▸ **What to do**
Would you please reproduce all the entries exactly, leaving the pictures out?

(Items listed in a dataset)
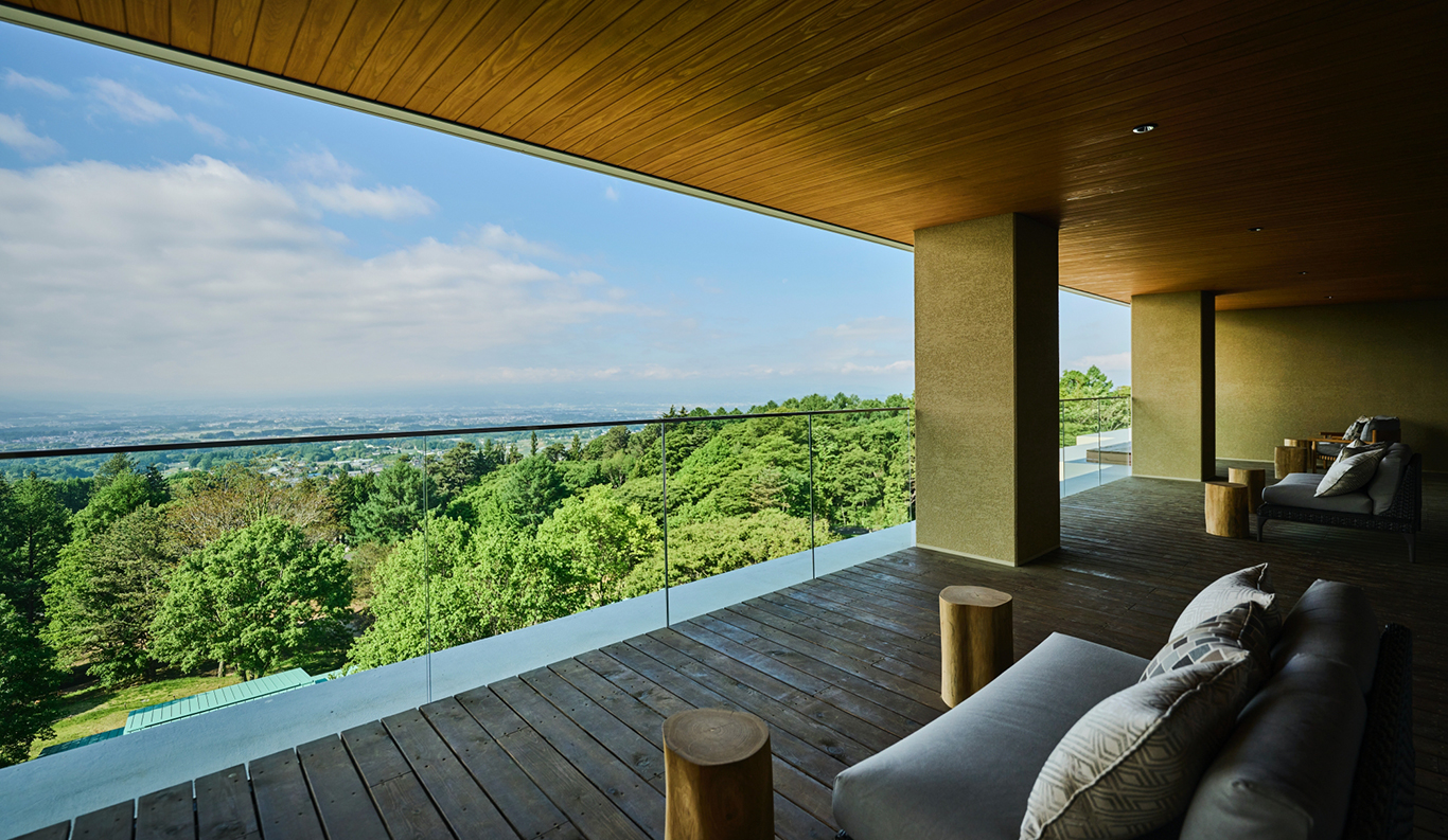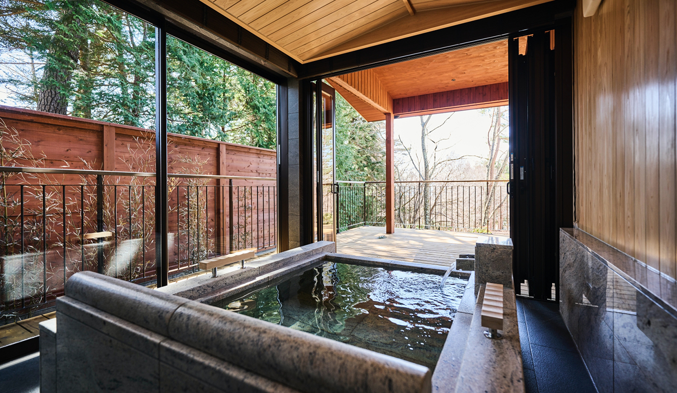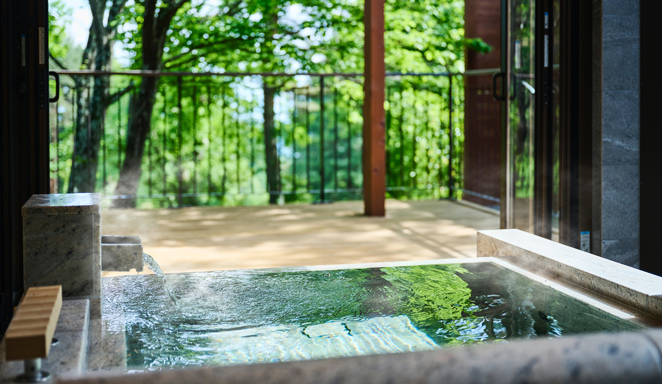 1-2 154 sqm Private Half Open-air Bath Bed The corner Junior Suites have wrap-around balconies with both sofas and armchairs, offering the perfect roost to lounge with a fresh-air coffee in the morning or a glass of wine at dusk. Indoors, overstuffed sectional sofas invite guests to stretch out and enjoy a movie on the cunningly concealed TV or to curl up with a book or loved one and just bask in the sun. In addition to coffee beans from a local roaster, fresh Shinsu fruit juices, and original organic amenities from plant biomethodology pioneer Waphyto, all rooms in the main building feature a semi-open air hot spring bath big enough for two, supplied with Hiramatsu’s signature hinoki cedar ribbon for an extra aromatic touch. The sky-view rooms are located on the third and fourth floors, while forest-view rooms are found on the first and second. ¥ 66,000~ per person (based on double occupancy) *Room rates at the Ryokan vary depending on the season and booking status. Therefore, we provide an estimated amount as a reference. REQUEST THIS ROOM -
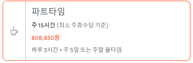 - 근무: 하루 3시간 × 주 5일 (또는 주말 풀타임 등)
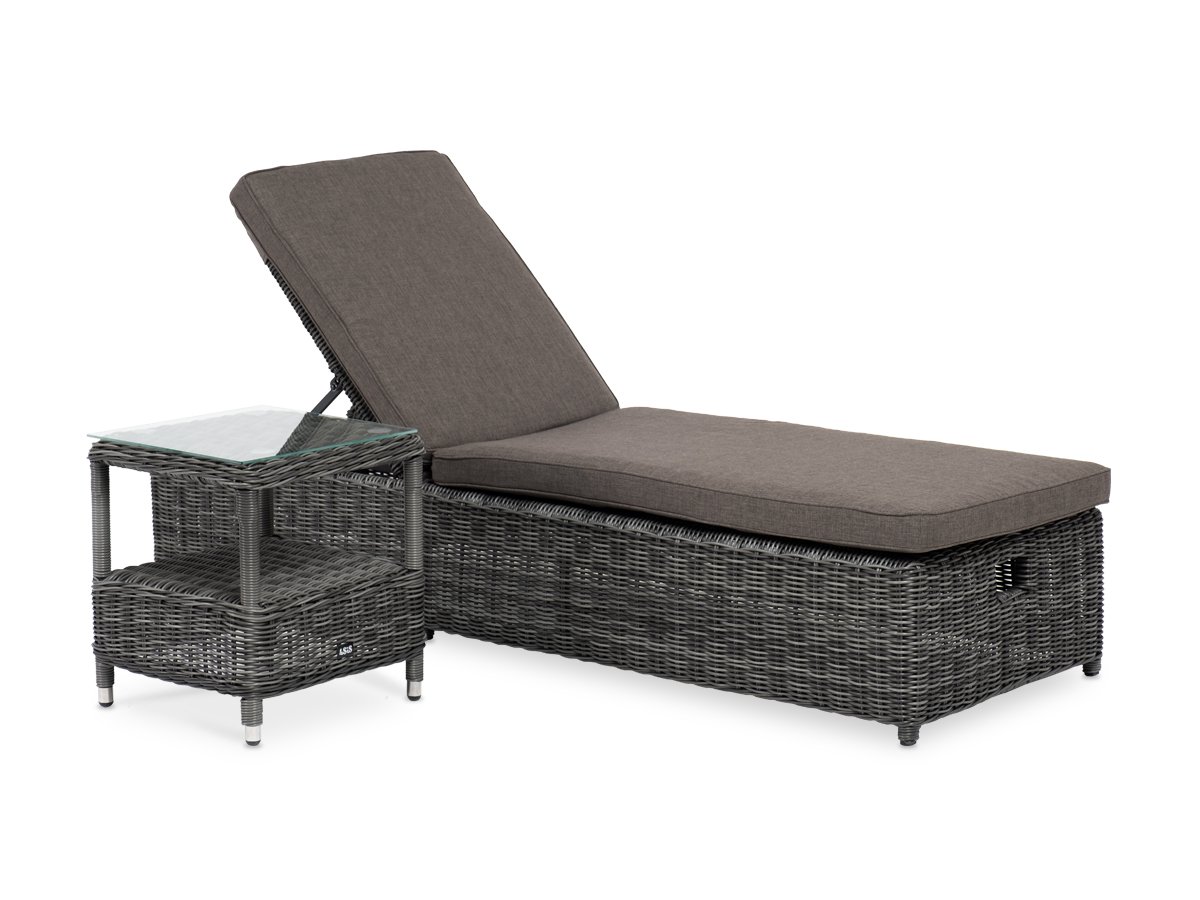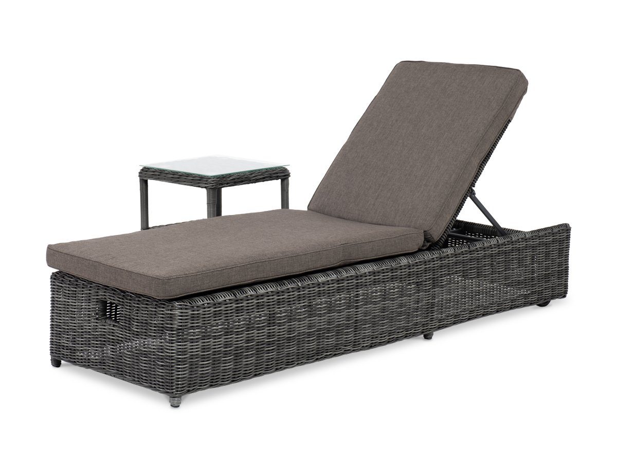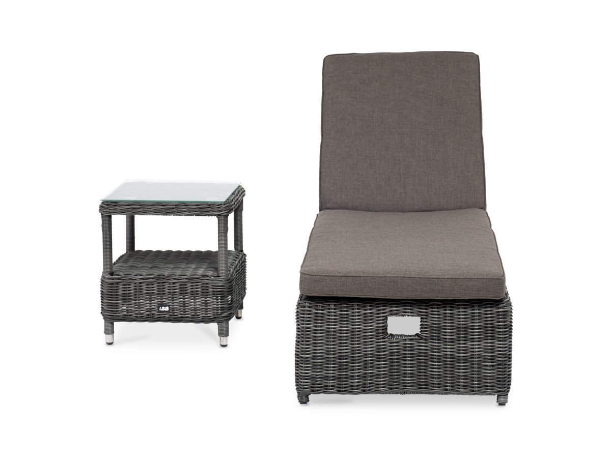 Дополнительно к шезлонгу прилагаютс "Рим" шезлонг с подушкой, цвет графит 1шт. 1 990Х660Х310, "Форио" столик кофейный из искусственного ротанга, цвет графит 1шт. 450Х450Х520,
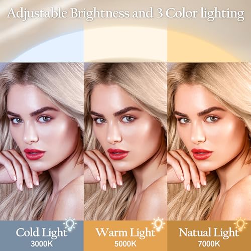 - ¡¼3-Color Lighting & Stepless Dimming¡½Featuring three adjustable color settings (Cool White, Warm White, Natural White) for diverse makeup environments. Effortlessly slide your finger for precise brightness control (0-100%), ensuring shadow-free, even illumination every time.
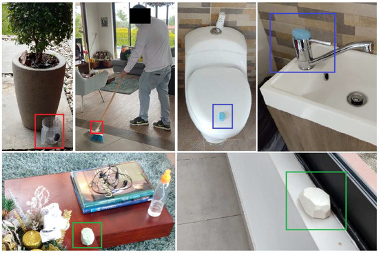 - Mobile beacons: Beacons that are also attached to an object of daily use, whose movement indicates an activity. Still, unlike active beacons, the position of mobile beacons can change drastically since they are attached to elements, such as the broom and a jug.
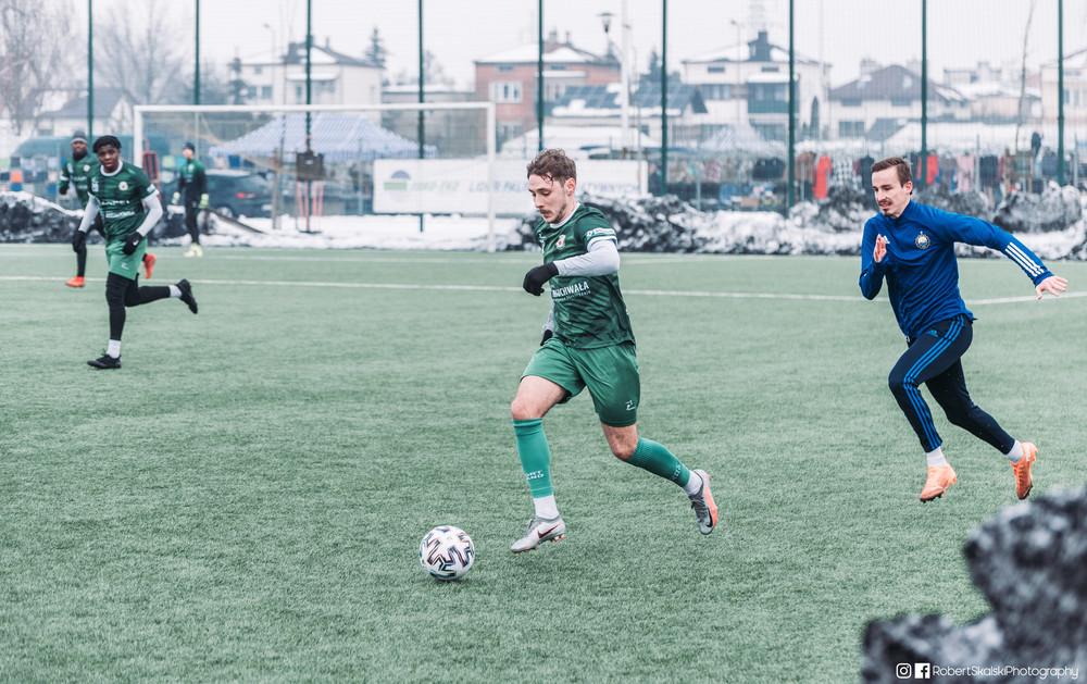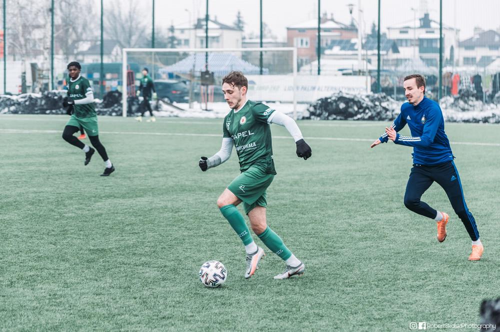 - Izolator Boguchwała (zielone stroje) zremisował w rozegranym w Mielcu meczu sparingowym z rezerwami tamtejszej Stali. Spotkanie zakończyło się remisem 1-1 (fot. Robert Skalski)
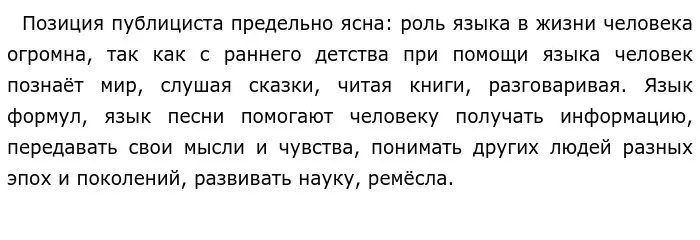 Чтобы привлечь внимание читателей к волнующей его проблеме, автор пишет о том, как язык повлиял на людей. Человек с самого рождения связан с языком: с детства слушает сказки бабушки и колыбельные мамы. По мере взросления он познает то, чего еще не видели его глаза, с помощью языка: читает книги, отражающие необъятную Вселенную, слушает своих учителей и «роднится с древними мыслями» людей (предложения 1-12) Язык с помощью слов способен передать любые явление, события, эмоции, будь то шум водопадов или бесконечный мир звездного пространства. Однако на этом размышления Л. В. Успенского о важности языка не заканчиваются. Публицист приводит в пример археологов, которые находят различные предметы древности, помочь разгадать которые могут только языковеды. Писатель утверждает: «Черепки были обречены на вечное молчание, если бы у нас не было языковедов». Отсюда становится понятно, что духовные, исторические и культурные ценности также хранятся в языке, благодаря изучению которого открываются многие тайны всего человечества.

▸ **Response**
 1-2 154 sqm Private Half Open-air Bath Bed The corner Junior Suites have wrap-around balconies with both sofas and armchairs, offering the perfect roost to lounge with a fresh-air coffee in the morning or a glass of wine at dusk. Indoors, overstuffed sectional sofas invite guests to stretch out and enjoy a movie on the cunningly concealed TV or to curl up with a book or loved one and just bask in the sun. In addition to coffee beans from a local roaster, fresh Shinsu fruit juices, and original organic amenities from plant biomethodology pioneer Waphyto, all rooms in the main building feature a semi-open air hot spring bath big enough for two, supplied with Hiramatsu’s signature hinoki cedar ribbon for an extra aromatic touch. The sky-view rooms are located on the third and fourth floors, while forest-view rooms are found on the first and second. ¥ 66,000~ per person (based on double occupancy) *Room rates at the Ryokan vary depending on the season and booking status. Therefore, we provide an estimated amount as a reference. REQUEST THIS ROOM -
 - 근무: 하루 3시간 × 주 5일 (또는 주말 풀타임 등)
 Дополнительно к шезлонгу прилагаютс "Рим" шезлонг с подушкой, цвет графит 1шт. 1 990Х660Х310, "Форио" столик кофейный из искусственного ротанга, цвет графит 1шт. 450Х450Х520,
 - ¡¼3-Color Lighting & Stepless Dimming¡½Featuring three adjustable color settings (Cool White, Warm White, Natural White) for diverse makeup environments. Effortlessly slide your finger for precise brightness control (0-100%), ensuring shadow-free, even illumination every time.
 - Mobile beacons: Beacons that are also attached to an object of daily use, whose movement indicates an activity. Still, unlike active beacons, the position of mobile beacons can change drastically since they are attached to elements, such as the broom and a jug.
 - Izolator Boguchwała (zielone stroje) zremisował w rozegranym w Mielcu meczu sparingowym z rezerwami tamtejszej Stali. Spotkanie zakończyło się remisem 1-1 (fot. Robert Skalski)
 Чтобы привлечь внимание читателей к волнующей его проблеме, автор пишет о том, как язык повлиял на людей. Человек с самого рождения связан с языком: с детства слушает сказки бабушки и колыбельные мамы. По мере взросления он познает то, чего еще не видели его глаза, с помощью языка: читает книги, отражающие необъятную Вселенную, слушает своих учителей и «роднится с древними мыслями» людей (предложения 1-12) Язык с помощью слов способен передать любые явление, события, эмоции, будь то шум водопадов или бесконечный мир звездного пространства. Однако на этом размышления Л. В. Успенского о важности языка не заканчиваются. Публицист приводит в пример археологов, которые находят различные предметы древности, помочь разгадать которые могут только языковеды. Писатель утверждает: «Черепки были обречены на вечное молчание, если бы у нас не было языковедов». Отсюда становится понятно, что духовные, исторические и культурные ценности также хранятся в языке, благодаря изучению которого открываются многие тайны всего человечества.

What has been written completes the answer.